Monday, February 09, 2009

The Buddhism of Benjamin Button



Daisy, Ben's love interest remarks when they are both in their prime that they are finally 'meeting in the middle'. The truth is, we are always 'meeting in the middle', in the flowing river of time. Buddhism sees the present moment as the centre of time's passage, which is but a measurement of change. We are always smack in the centre, between the past and the future. In fact, now is the only moment we have. There is no need to pine for the transpired past or for the unshaped future, while every moment taken care of now creates happy memories and a better future.

Death Doing Apart

One of Ben's main sources of suffering was to see loved ones already conventionally older than him pass away before him. Then again, in real life, the young often witness the passing of elders too, just as elders sometimes witness the passing of the young.
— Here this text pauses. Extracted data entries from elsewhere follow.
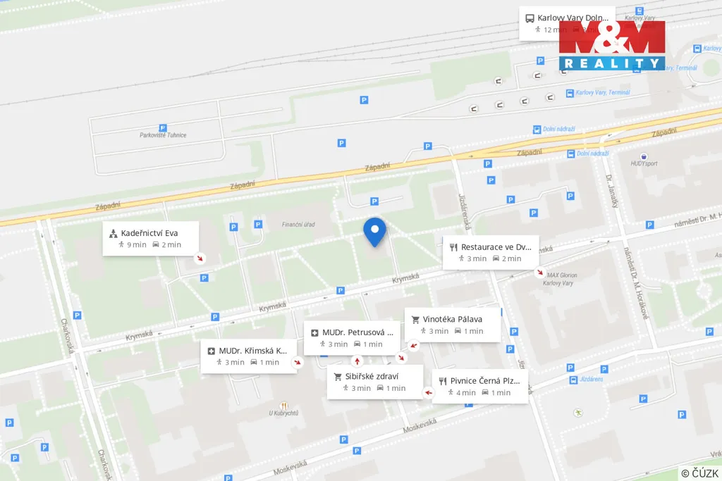 Byt se nachází v Karlových Varech na okraji centra, s výbornou dostupností MHD i pěší docházkou. V okolí najdete vše, co potřebujete pro každodenní život – od obchodů a služeb po kavárny a zeleň. Výhodou je i blízkost lázeňské části města, která dodává lokalitě příjemnou atmosféru.
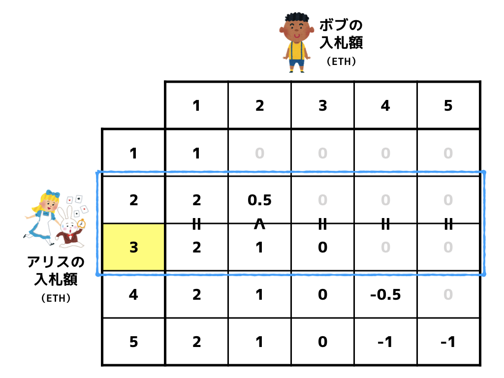 ボブの入札額が 1 ETH or 3 ETH or 4 ETH or 5 ETH の場合、アリスは 2 ETH で入札しようが 3 ETH で入札しようが利得は変わりません。しかし、ボブの入札額が 2 ETH の場合、アリスは 2 ETH で入札するよりも 3 ETH で入札するときの方が利得が大きくなります。よって、アリスは 2 ETH で入札するよりも 3 ETH で入札すべきでしょう。
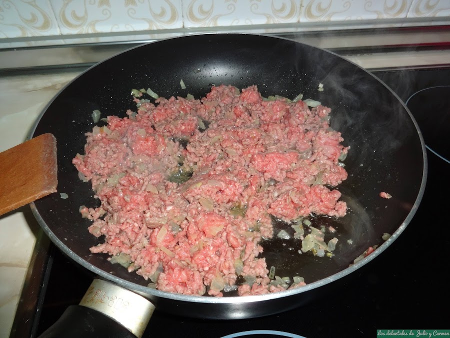 Cuando veamos que la cebolla está dorada, echamos la carne picada y subimos un poco el fuego, removiendo para que se cocine bien. Salamos y echamos las especias al gusto y continuamos removiendo, para que se integren todos los sabores.
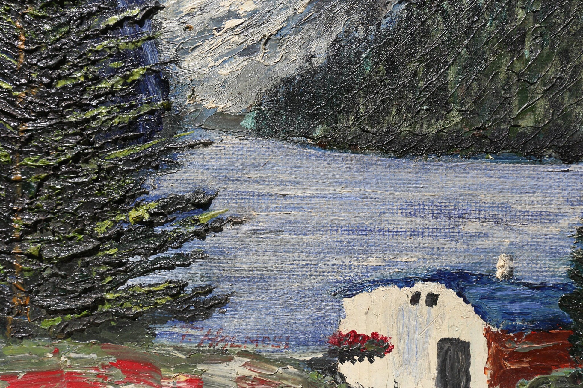 Oil Painting Mountain Lake Cottage Scene Artist Signed T. Halnosi on Board
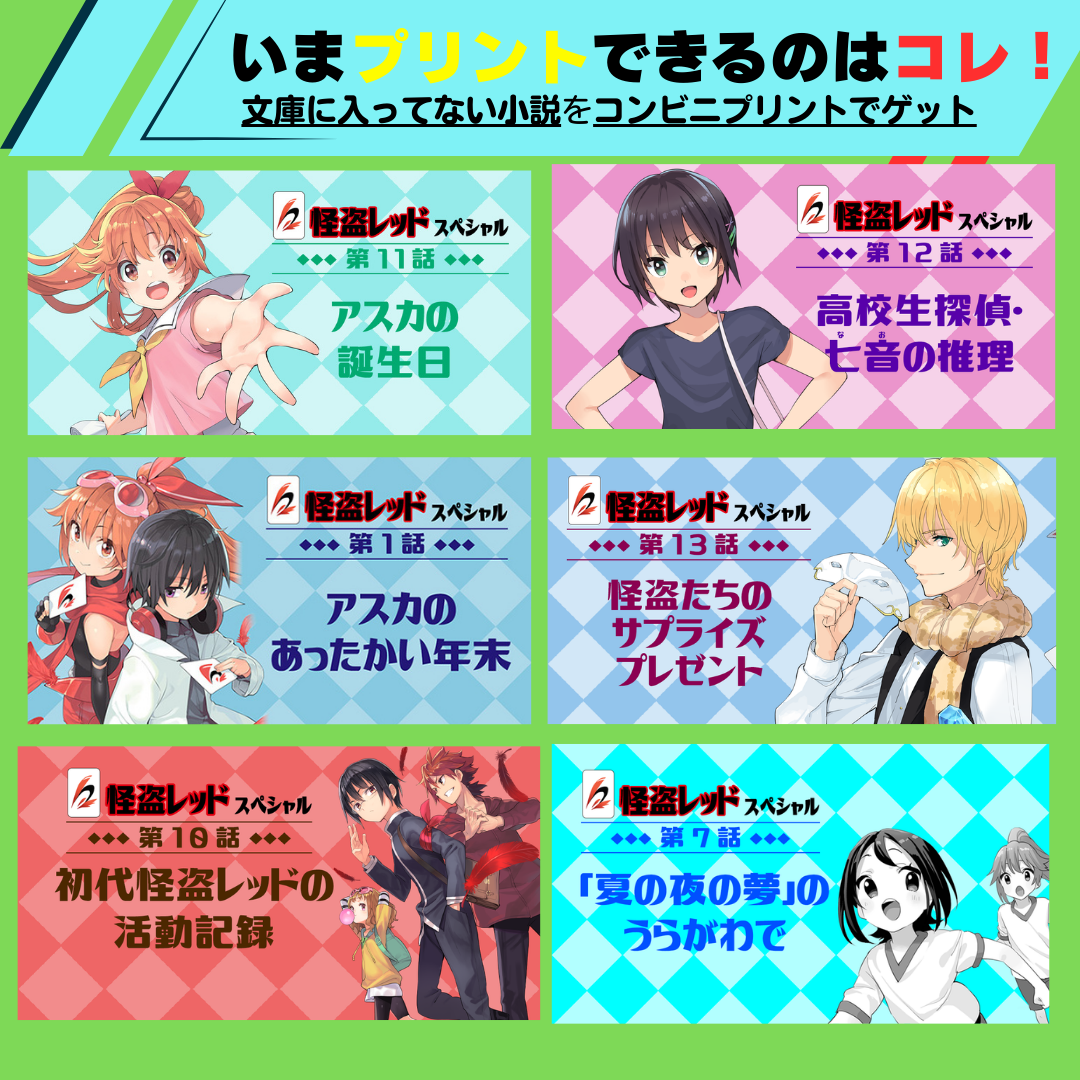 「怪盗レッド」シリーズ全巻のカバーイラストが、ファミマプリント、セブン-イレブンプリントに、毎月投入されるよ!(それ以外のイラストの追加もあるかも!?)
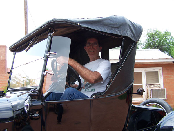 Richard Horvath and his 1923 Model T roadster at the March 2012 Mission tour
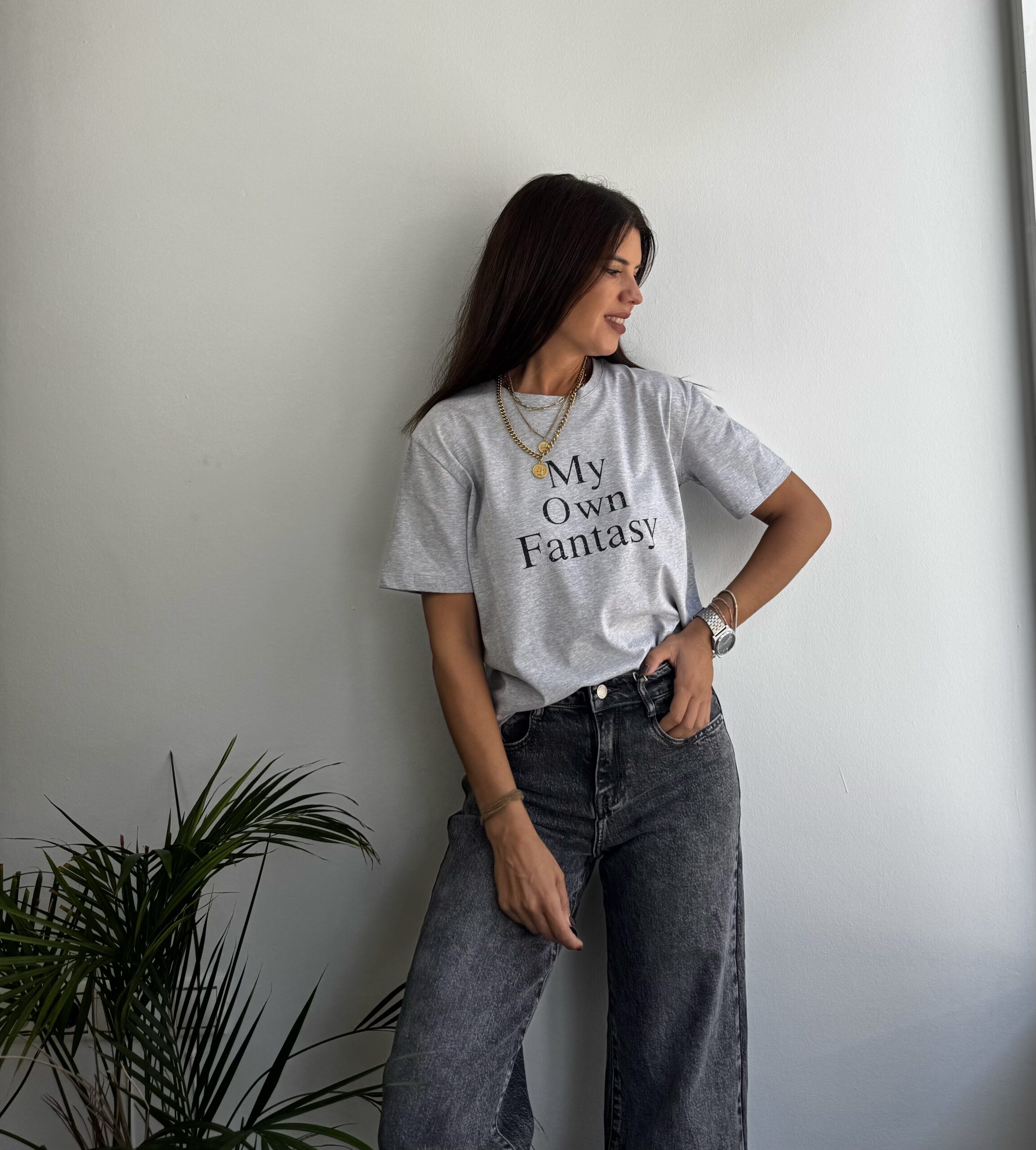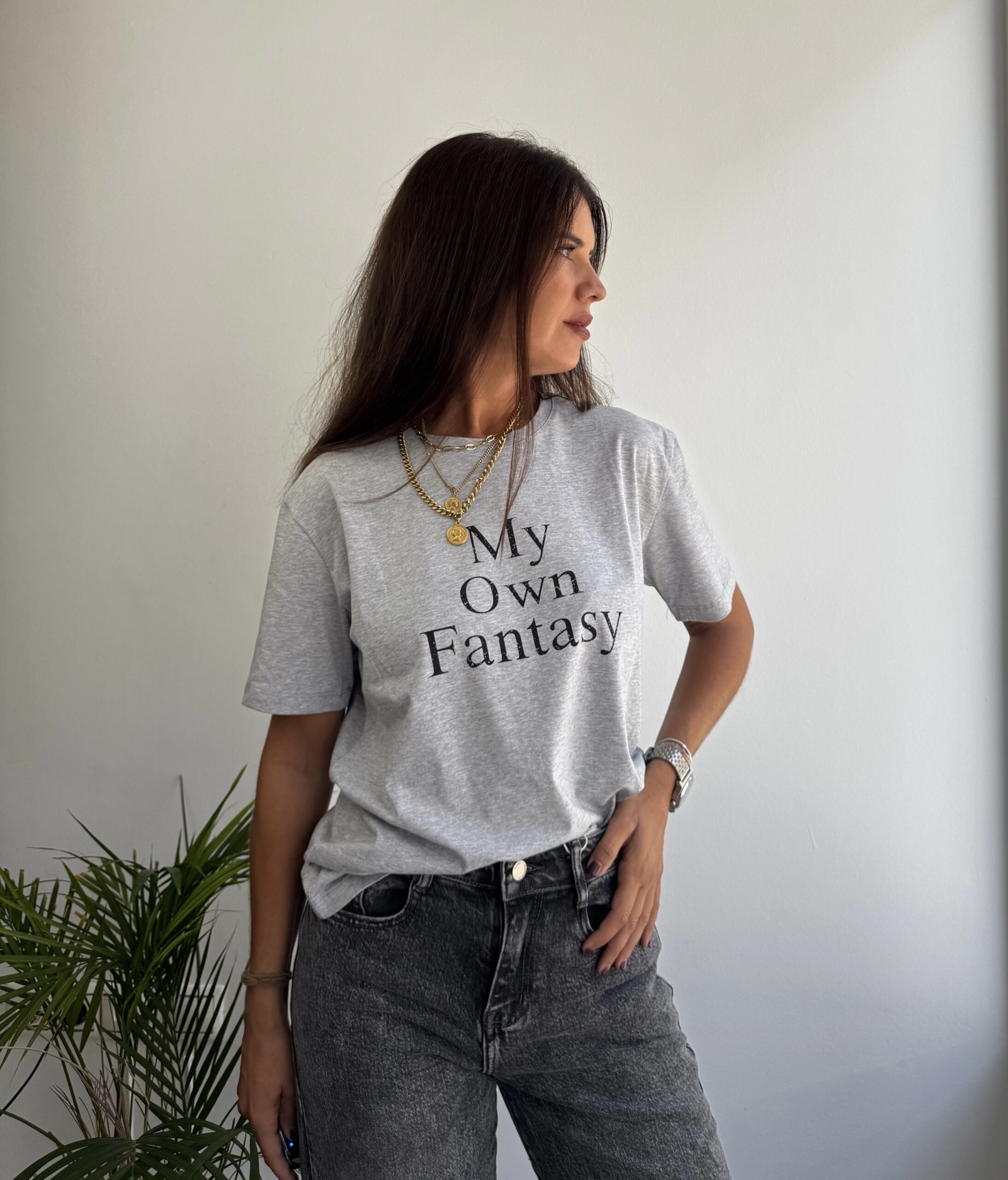 Camiseta manga corta gris letras
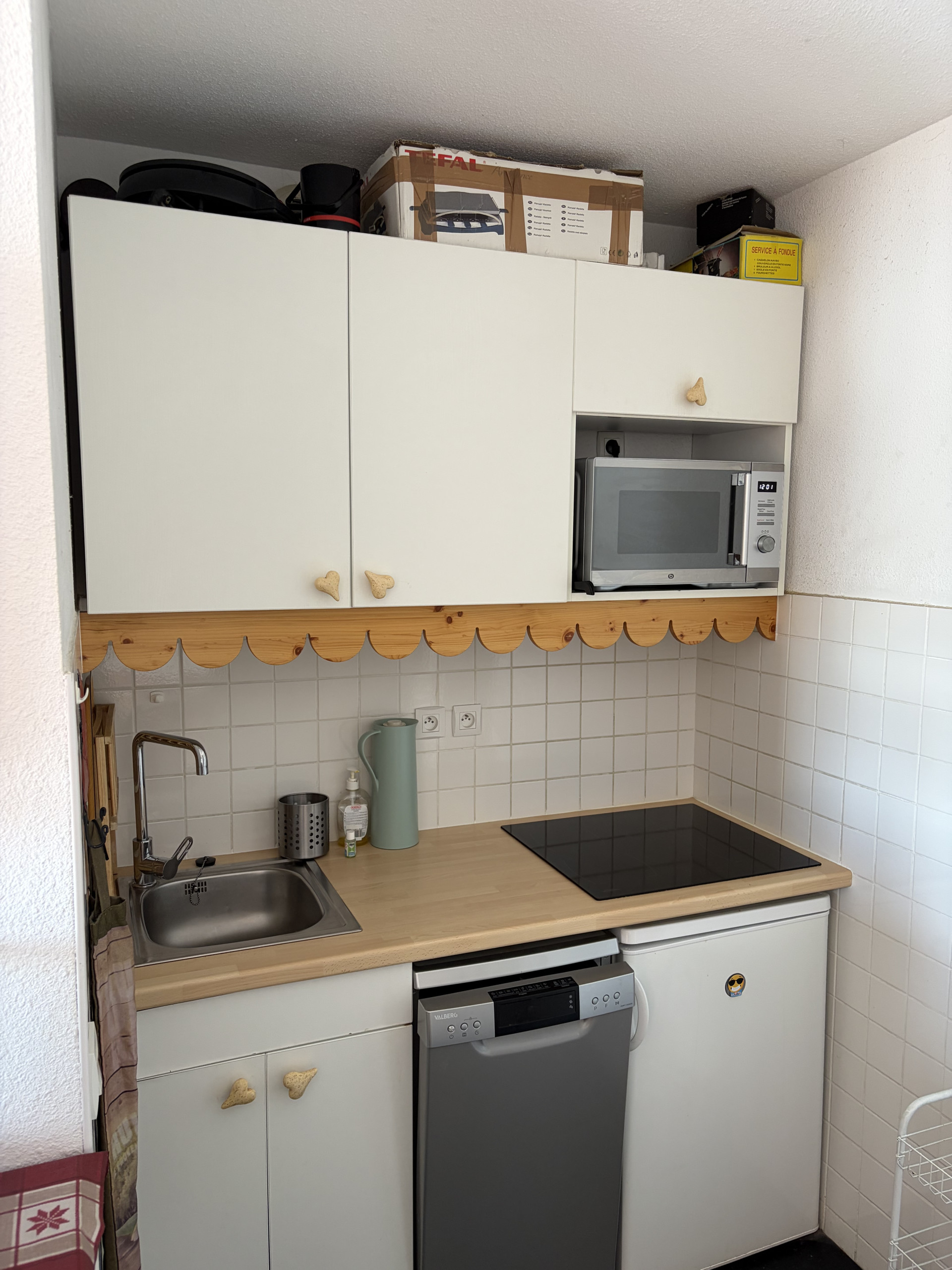 In the induction independent kitchen, refrigerator, dishes/cutlery, kitchen utensils, coffee machine, toaster and kettle are provided.
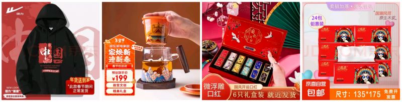 傳統(tǒng)文化包含了豐富的歷史故事、哲學(xué)思想、藝術(shù)形式等,通過國(guó)潮的創(chuàng)新表達(dá)讓更多人能夠感受到中國(guó)文化的魅力。在春節(jié)這樣一個(gè)傳統(tǒng)與現(xiàn)代的交織點(diǎn),人們?cè)谝再N年畫、看戲曲、買繡品等古樸的方式承襲年俗外,也通過購買具有國(guó)潮元素的產(chǎn)品拉滿春節(jié)的氛圍感。
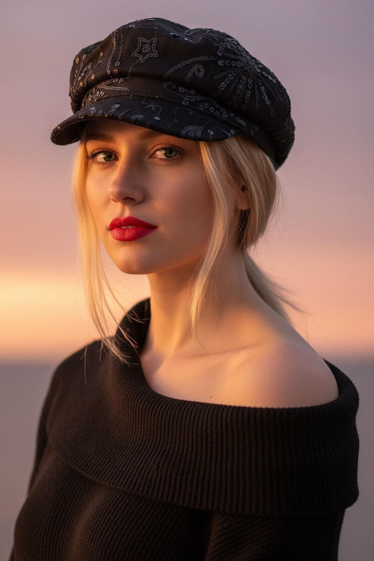 Siyah Renk Pul Detaylı Tasarım Şapka
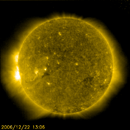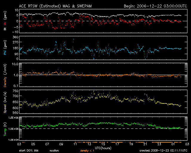 2006/12/23 11:13 更新 太陽風はかなり高速の状態を保っています。現在は620km/秒です。オーロラも活発です。 担当 篠原 高速の太陽風が続いています。 昨日のニュース以降太陽風の速度は、 650km/秒から一旦700km/秒にあがり、その後またやや下がって650km/秒にもどる という変化をしました。 現在はもう少し下がって、620km/秒くらいになっています。 全体的にかなり高速の状態が続いています。 磁場強度は5nTでほぼ安定しています。 南北成分は、ACEの図の前半では-5nTの南向き成分がひんぱんに見られています。 速度がかなり高まっているので、磁気圏の活動も強まると考えられます。 実際、AE指数を見ると、 図の真ん中あたりで、最大1500nTに達する大きな活動が記録されています。 極域ではかなり活発なオーロラを見ることができたのではないでしょうか。 一方、ACEの図の後半では、磁場の南向きは小さくなっています。 エネルギーの流れ込みが減少し、それとともにAE指数の変化も小さくなっています。 それでも、速度としてはかなりの高さを保っていますので、 500nT規模の小規模の変動は続いていました。 27日周期の図を基にすると、 太陽風は今日いっぱいは、現在くらいのかなり高速の状態を保ちそうです。 そして、明日くらいから、次第に下げていくのではないでしょうか。 高速状態は、25-26日くらいまで続くと予想されます。 オーロラ活動も、次第に規模が小さくなって行きますが、 もうしばらくは活発な活動を見られそうです。 放射線帯の高エネルギー電子は安定した状態で高レベルを保っています。 目立った変化は無く、増加の傾向は示していません。 高速風が続いていることもあり、電子の数は当分の間警戒レベルを保つと予想されます。 衛星の運用では注意が必要な状態が続きます。 太陽はまだ黒点の見えない状態が続いています。 SOHOの写真では、太陽の東端(左端)が明るく見えていますが、 ここから新しい黒点群は上がってくるのでしょうか。 SOHO衛星のEIT284カメラの映像 (c) SOHO (ESA & NASA)

However, as Stonepeace put it, 'Though you might lose your lover (to departure or death), you need not lose your love.' Do we only learn to treasure the beloved when we know they will come to pass? Or rather, we should treasure the beloved now because they are already passing by, changing from moment to moment, even if subtly.

Unconditional love


Daisy wondered if Ben would still love her when she becomes old and saggy, while Ben asks if she will still love him when he has acne as a teenager. How conditional or unconditional is our love? There is really no way to be sure until the ravages of time transform the beloved to test our love. Paradoxically, love is to accept the beloved as they are, while also accepting that they will change in time to be who they are not now. An attribute of true love is that it must make peace with change, yet be unchanging in its devotion to be continually caring despite these changes.

Renunciation for Love

Ben leaves Daisy and their daughter before she becomes old enough to know him, to form attachment to him. It was also a bid to avoid giving Daisy suffering when she eventually has to take care of him when he becomes a young child. It was renunciation of family not due to lack of love, but out of love. However, as he was still attached, he returns abruptly for a visit, thereby disrupting Daisy's new family (with a new husband) a little, stirring up mixed emotions. True Love lets go in good time. Perhaps he shouldn't have returned - if Daisy was already happy with their past times together? Love can still be love at a distance.